I’m particularly interested in what effect data subjects having the right “not to be subjected to automated individual decision-making” will have. I can’t help but think that (as Google has already started to do through granular opt-in questions) organisations will find ways to make users feel like it’s in their best interests. They already do that with ‘personalised advertising’.

There’s a certain amount of automation that can be useful, the standard example being Amazon’s recommendations system. However, I think the GDPR focuses more on things like decisions about whether or not to give you insurance based on your social media profile:

There are three additional rights of data subjects laid down in the General Data Protection Regulation, and we will cover them here. These rights are – the right not to be subjected to automated individual decision-making, the right to be represented by organisations and others, and the right to compensation. Given that we live in a technologically advanced society, many decisions can be taken by the systems in an automatic manner. The GDPR grants to all of us a right not to be subjected to a decision that is based only on an automated processing, which includes profiling. This decision must significantly affect an individual, for example, by creating certain legal effects.

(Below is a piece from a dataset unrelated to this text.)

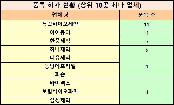 품목 허가 상위 10개 업체는 ▶ 독립바이오제약 (11품목) ▶ 아이큐어 (9품목) ▶ 한풍제약 (6품목) ▶ 하나제약 (5품목) ▶ 더유제약 · 동방에프티엘 · 퍼슨 (각 4품목) ▶ 바이넥스 · 보령바이오파마 · 삼성제약 (각 3품목) 등이었다.

Thankfully, when it comes to challenging organisations on the provisions of the GDPR, data subjects can delegate their representation to a non-profit organisation. This is a sensible step, and prevents lawyers become rich from GDPR challenges. Otherwise, I can imagine data sovereignty becoming the next personal injury industry.

If an individual feels that he or she can better give away his or her representation to somebody else, this individual has the right to contact a not-for-profit association– such as European Digital Rights – in order to be represented by it in filing complaints, exercising some of his or her rights, and receiving compensation. This might be useful if an action is to be taken against such a tech giant as Google or any other person or entity. Finally, persons who have suffered material or non-material damage as a result of an infringement of the GDPR have the right to receive compensation from the controller or processor in question.

Finally, and given that the GDPR applies not only across European countries, but to any organisation that processes EU citizen data, the following is interesting:

The European Union and its Member States cannot simply impose restrictions addressed in Article 23 GDPR when they wish to. These restrictions must respect the essence of the fundamental rights and freedoms and be in line with the requirements of the EU Charter of Fundamental Rights and the European Convention for the Protection of Human Rights and Fundamental Freedoms. In addition, they are required to constitute necessary and proportionate measures in a democratic society meaning that there must be a pressing social need to adopt these legal instruments and that they must be proportionate to the pursued legitimate aim. Also, they must be aiming to safeguard certain important interests. So, laws adopted by the EU of its Members States that seek to restrict the scope of data subjects’ rights are required to be necessary and proportionate and must protect various interests discussed below.

I learned a lot this week which will stand me in good stead as we design Project MoodleNet. I’m looking forward to putting all this into practice!